Мы выходим на вчерашнюю тропинку, и вскоре она соединяется с той большой дорогой, что шла от моста.
– Раньше это была главная дорога из Фарбранча в Прентисстаун, – рассказывает Хильди, закидывая за плечи небольшой рюкзак. – Нью-Элизабет, как раньше говорили.
– А потом? – спрашиваю я.
– Прентисстаун, – отвечает Хильди. – Давным-давно он звался Нью-Элизабет.
– Не было такого! – удивленно говорю я, поднимая брови.
Хильди насмешливо смотрит на меня:
– Да уж прям? Наверное, я ошибаюсь!
– Наверное, – отвечаю я, не сводя с нее глаз.
Виола презрительно фыркает. Я бросаю на нее испепеляющий взгляд.
– А нам будет где остановиться в Фарбранче? – спрашивает Виола, не обращая на меня внимания.
– Я отведу вас к сестре, – говорит Хильди. – Она в этом году заместитель мэра.
– И что нам там делать? – говорю я, в растерянности пиная пыль под ногами.
– А это уж вам видней, – отвечает Хильди. – Вы ведь сами строите свою судьбу, так?
– Пока нет, – едва слышно произносит Виола.
В моем Шуме возникают те же самые слова, и мы удивленно переглядываемся.
Даже почти улыбаемся. Но только почти.
В эту секунду до нас долетает чей-то Шум.
– А, – говорит Хильди, тоже его услышав, – вот и Фарбранч.
Дорога приводит нас к началу небольшой долины.
И вот оно, другое поселение. Прямо перед нами.
Другое поселение, которого, по идее, нет на свете.
Куда мне велел идти Бен. Где мы будем в безопасности.
Первым делом я вижу, что дорога вьется между садами и огородами – аккуратно размеченными участками земли с ухоженными деревьями и оросительными системами, – которые спускаются к подножию пологого холма. Там, у подножия, видны дома и весело бегущий ручей, который наверняка впадает в какую-нибудь большую реку.
И везде, куда ни глянь, мужчины и женщины.
Большинство трудятся на огородах: на мужчинах рубашки с длинными рукавами и толстые рабочие фартуки, а на женщинах – длинные юбки. С помощью мачете они срезают фрукты, похожие на огромные шишки, носят корзины или возятся с оросительными трубами, ну и все такое.

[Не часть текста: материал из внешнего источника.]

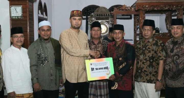Kedatangan TSR tersebut juga memberikan bantuan hibah Pemkab Sijunjung untuk pembangunan masjid sebesar Rp10 juta, berikut bantuan dari Bank Nagari sebesar Rp2,5 juta.
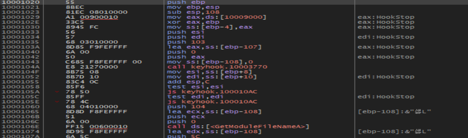 KeyHook.dll 파일을 로딩한 후 Hookstart와 HookStop 함수의 주소를 얻어 후킹 진행

Мужчины и женщины, женщины и мужчины.
Мужчин человек двадцать – тридцать, то есть меньше, чем в Прентисстауне.
А женщин не знаю сколько.
И все они живут в другом городе, совсем другом.
Их Шум (и тишина) парят над долиной, точно легкая дымка.

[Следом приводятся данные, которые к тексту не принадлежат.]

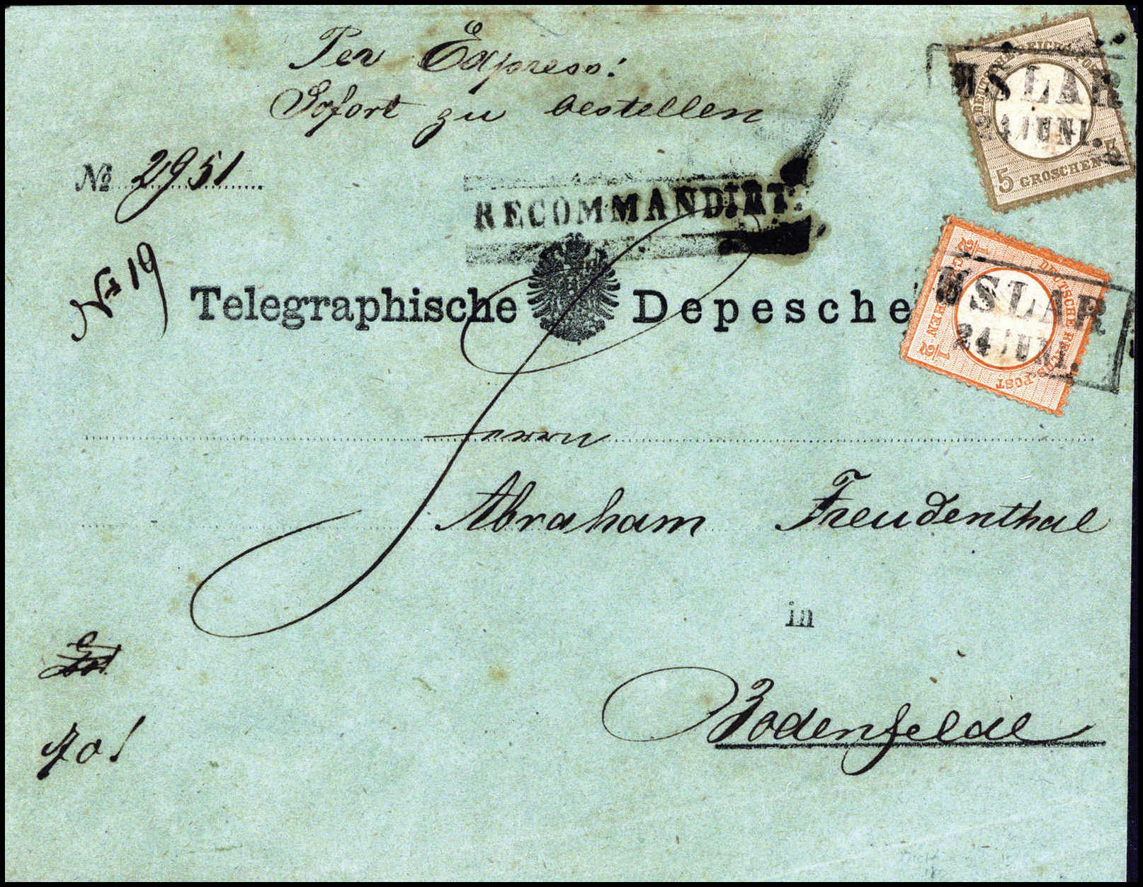 ½ Gr. mit 5 Gr. ockerbraun als tarifmäßige 5½ Gr.-Frankatur auf grünem Vordruckumschlag "Telegraphische Depesche" und Vermerk "per Express, sofort zu bestellen" mit klaren Hannover-R2 USLAR nach Bodenfelde, beiges. R1 RECOMMANDIRT.

Две штуки, пожалуйста, и Я вот как думаю, и Сорняки замучили, и Она может согласиться, а может и отказаться, и Если служба закончится в час, я еще успею… и так далее и тому подобное без конца.
Я замираю на краю дороги и минуту стою с разинутым ртом, не чувствуя в себе сил войти в город.
Потому что все это очень странно.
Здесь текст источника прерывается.